1. Continuity within intervals: Each piece ($e^x$, $2-e^x$, $e^x-2$) is an exponential or linear function, which are continuous on their respective intervals.

2. Continuity at boundary points:

   • At $x = 0$:

     $f(0^-) = \lim_{x \to 0^-} e^x = e^0 = 1$.

     $f(0^+) = \lim_{x \to 0^+} (2 - e^x) = 2 - e^0 = 2 - 1 = 1$.

     $f(0) = 2 - e^0 = 1$.

     Since $f(0^-) = f(0^+) = f(0)$, $f(x)$ is continuous at $x=0$.

   • At $x = \ln 2$:

     $f(\ln 2^-) = \lim_{x \to \ln 2^-} (2 - e^x) = 2 - e^{\ln 2} = 2 - 2 = 0$.

     $f(\ln 2^+) = \lim_{x \to \ln 2^+} (e^x - 2) = e^{\ln 2} - 2 = 2 - 2 = 0$.

     $f(\ln 2) = e^{\ln 2} - 2 = 0$.

     Since $f(\ln 2^-) = f(\ln 2^+) = f(\ln 2)$, $f(x)$ is continuous at $x=\ln 2$.

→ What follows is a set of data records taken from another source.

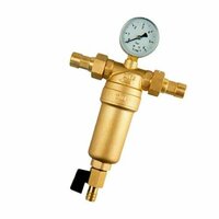 Фильтры самоочищающиеся Gappo обеспечивают защиту от механических примесей оборудования систем водоснабжения и отопления с максимальной рабочей температурой до 80 °C. Их применяют также на трубопроводах масел, жидких углеводородов, сжатого воздуха. Компактный фильтр Gappo механической очистки воды с возможностью удаления накопившихся загрязнений без извлечения сетчатых вставок (промывной фильтр). Оснащен фильтроэлементом из нержавеющей стали. Размер ячеек первичной сетки фильтроэлемента – 100мкм. Корпус и колба фильтра выполнены из латуни марки CW617N (европейский стандарт EN 12165). Предусмотрены дренажный шаровой кран со штуцером для подключения шланга и манометр для контроля уровня загрязненности сетки. Фильтр монтируется в вертикальном положении, колбой вниз. Резьба присоединений – внутренняя.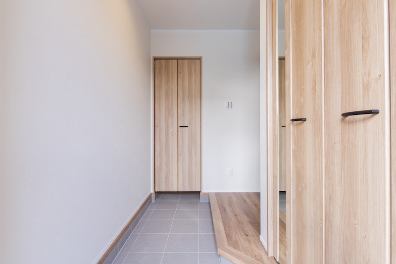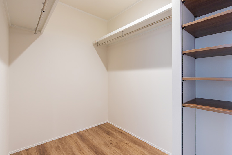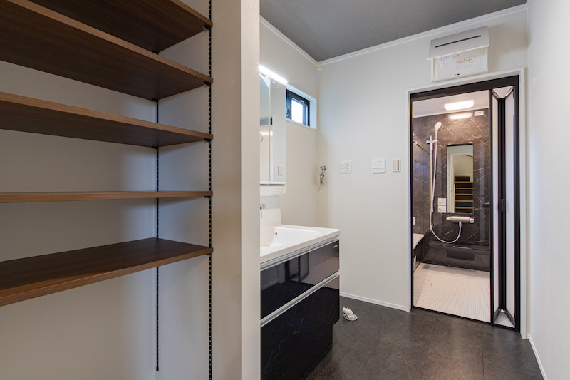2号棟は広さがポイントのL型キッチンを採用。作業スペースが広く家族で料理を楽しめます。洗面脱衣室は3帖タイプでリネン収納棚付き。タオルやシャンプーのストックはこちらに収納。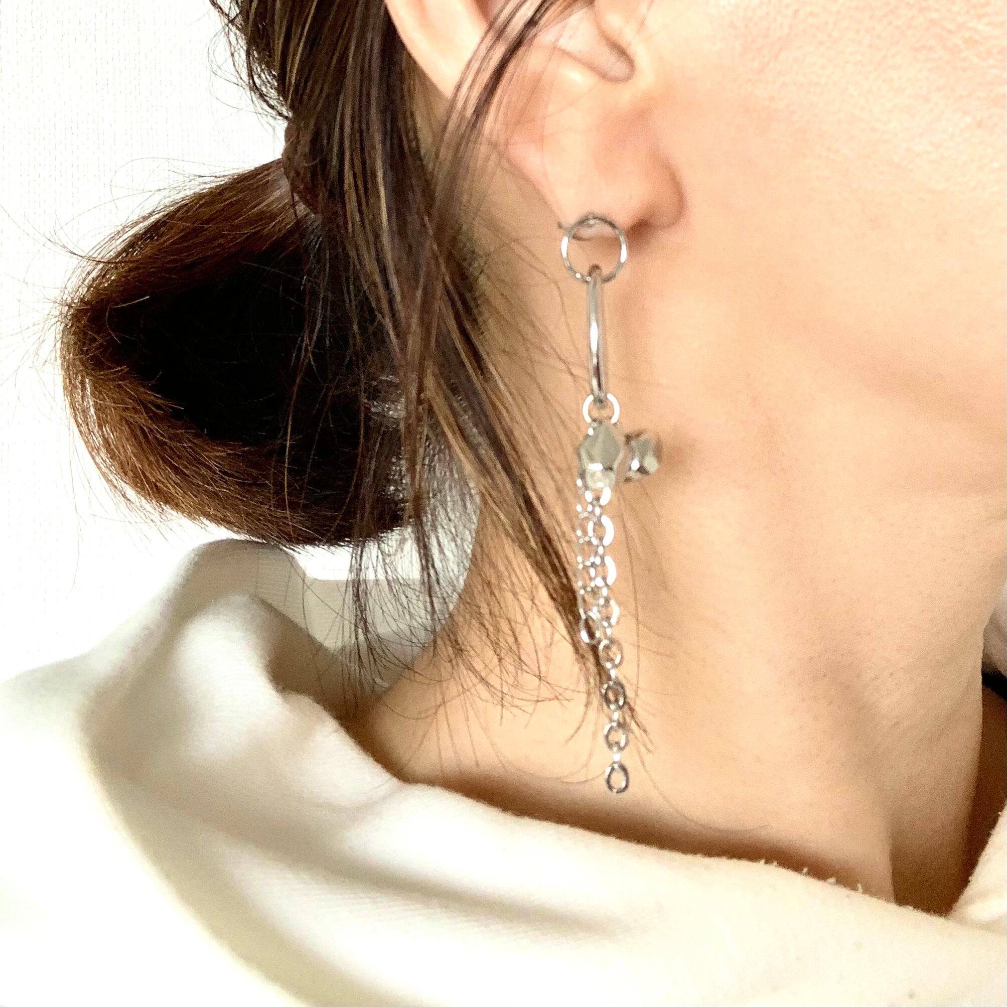シルバーフープ✖︎種類の違うシルバーチェーン✖︎形の違うシルバービーズ✖︎クリアアイスキューブの組み合わせです.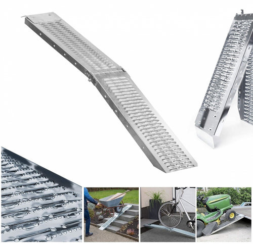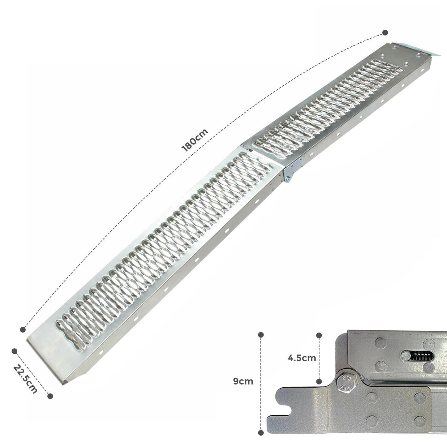Тази рампа е идеална за лесно товарене и разтоварване на АТВ, бъгита, мобилни скутери, голф колички и др. Покритието и предотвратява плъзгане и са изградени от висококачествена поцинкована стомана, което ги прави изключително стабилни и издръжливи. Товароносимост: 200 кг. на рампа Размери в разгънато положение: 1800 х 225 х 45 мм Размери в сгънато положение: 915 х 225 х 90 мм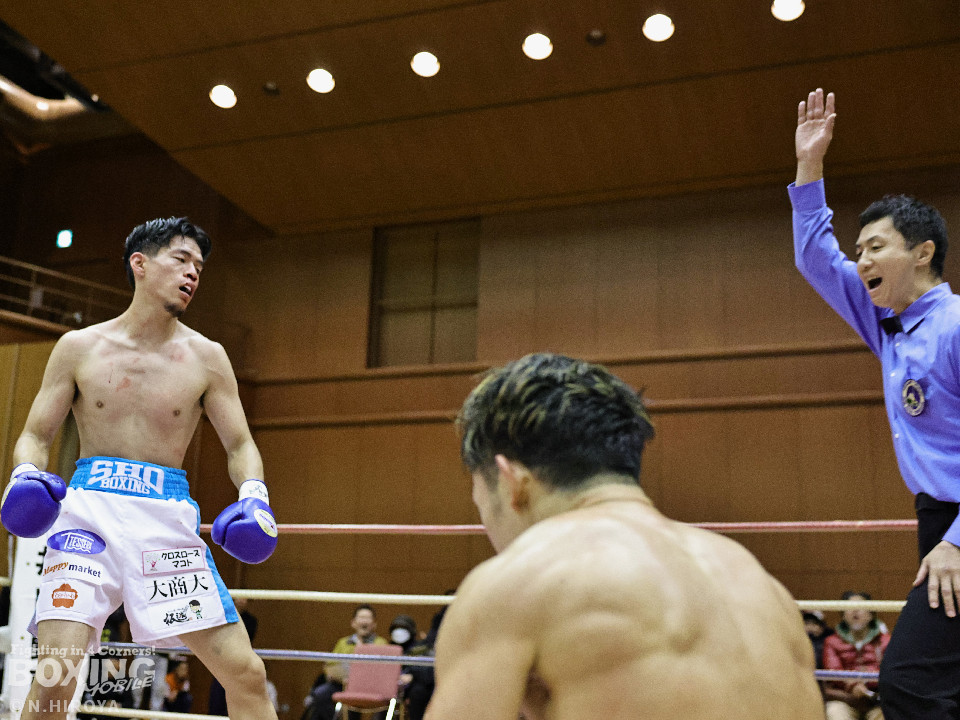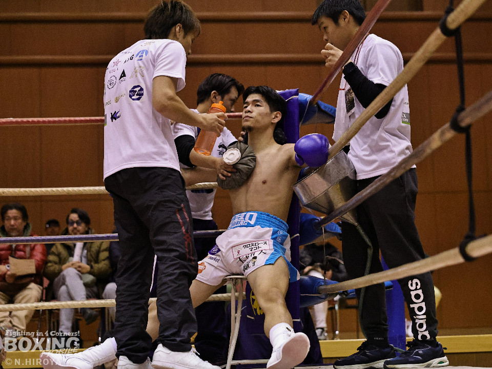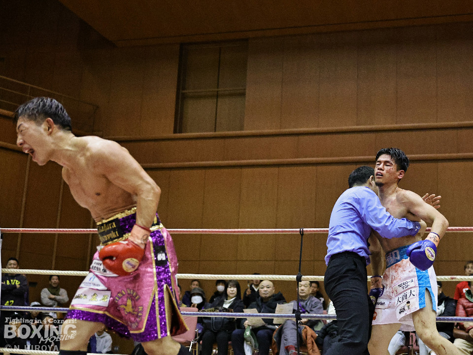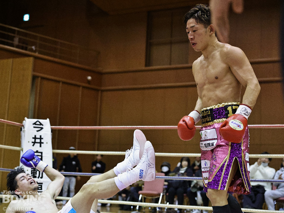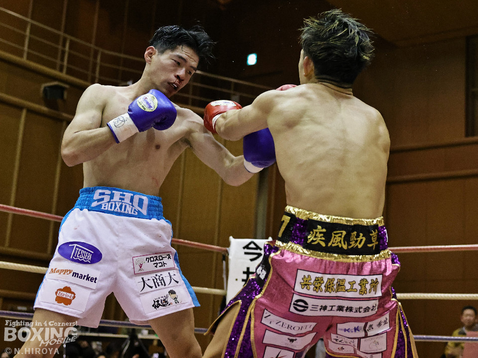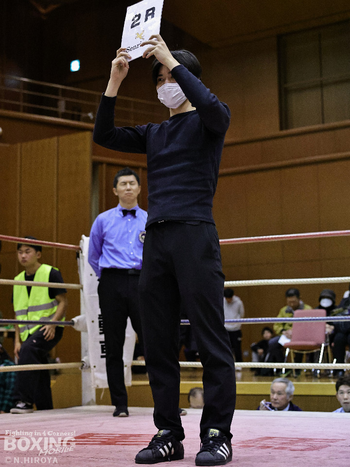 試合:山原がシャープなジャブを飛ばして距離とタイミングを探るのに対し、高原は力強い右フックを叩きつけて応戦。2回、山原は左を突きながらリズムを作ると左ボディをヒット。3回、至近距離でのパンチの応酬、山原が左ボディを突き刺せば、高原も右フックで譲らず。ラウンド終了間際、高原の右フックが火を噴きダウンを奪取。なんとか立ち上った山原はゴングに救われた。4回、高原は右ボディストレートを突き刺し前に出たところに山原が左フックを合わせてダウンを奪い返す!その後は死力を尽くしての打ち合いに発展。山原は後頭部への打撃による反則で減点1が課せられた。5回も両者の意地がぶつかり合う打撃戦。高原が右フックを強振し左目尻を切り裂いた。6回、山原が左ボディに的を絞り攻勢をアピール。7回、打ち合いは激しさを増し総力戦。距離が詰まり乱戦模様。高原はホールディングの反則で減点1。ラウンド終盤、高原は回転力を上げて攻め立てた。勝負が決まったのは8回、高原はワンツーで効かせると一気にスパートしてレフェリーストップに持ち込んだ。激戦を制した高原がランキングを死守した。

Since $f(x)$ is continuous on all intervals and at the boundary points, it is continuous for all $x \in \mathbb{R}$.

Therefore, the statement "Continuous for all $x$" is correct. The statement "Not continuous at $x = 0, \ln 2$" is incorrect.

Differentiability Analysis:

We need to check differentiability at the boundary points $x=0$ and $x=\ln 2$.

First, let's find the derivative of each piece:

$f'(x) = \begin{cases} e^x & \text{if } x < 0 \\ -e^x & \text{if } 0 < x < \ln 2 \\ e^x & \text{if } x > \ln 2 \end{cases}$

1. At $x = 0$:

   Left-hand derivative: $f'(0^-) = \lim_{x \to 0^-} e^x = e^0 = 1$.

   Right-hand derivative: $f'(0^+) = \lim_{x \to 0^+} (-e^x) = -e^0 = -1$.

   Since $f'(0^-) \neq f'(0^+)$, $f(x)$ is not differentiable at $x=0$.

2. At $x = \ln 2$:

   Left-hand derivative: $f'(\ln 2^-) = \lim_{x \to \ln 2^-} (-e^x) = -e^{\ln 2} = -2$.

   Right-hand derivative: $f'(\ln 2^+) = \lim_{x \to \ln 2^+} (e^x) = e^{\ln 2} = 2$.

   Since $f'(\ln 2^-) \neq f'(\ln 2^+)$, $f(x)$ is not differentiable at $x=\ln 2$.

Therefore, the statement "Differentiable for all $x$" is incorrect. The statement "Not differentiable at $x = \ln 2$" is correct.

Conclusion:

The function $f(x) = ||e^x -1| -1|$ is:

1. Continuous for all $x$.
2. Not differentiable at $x = 0$ and $x = \ln 2$.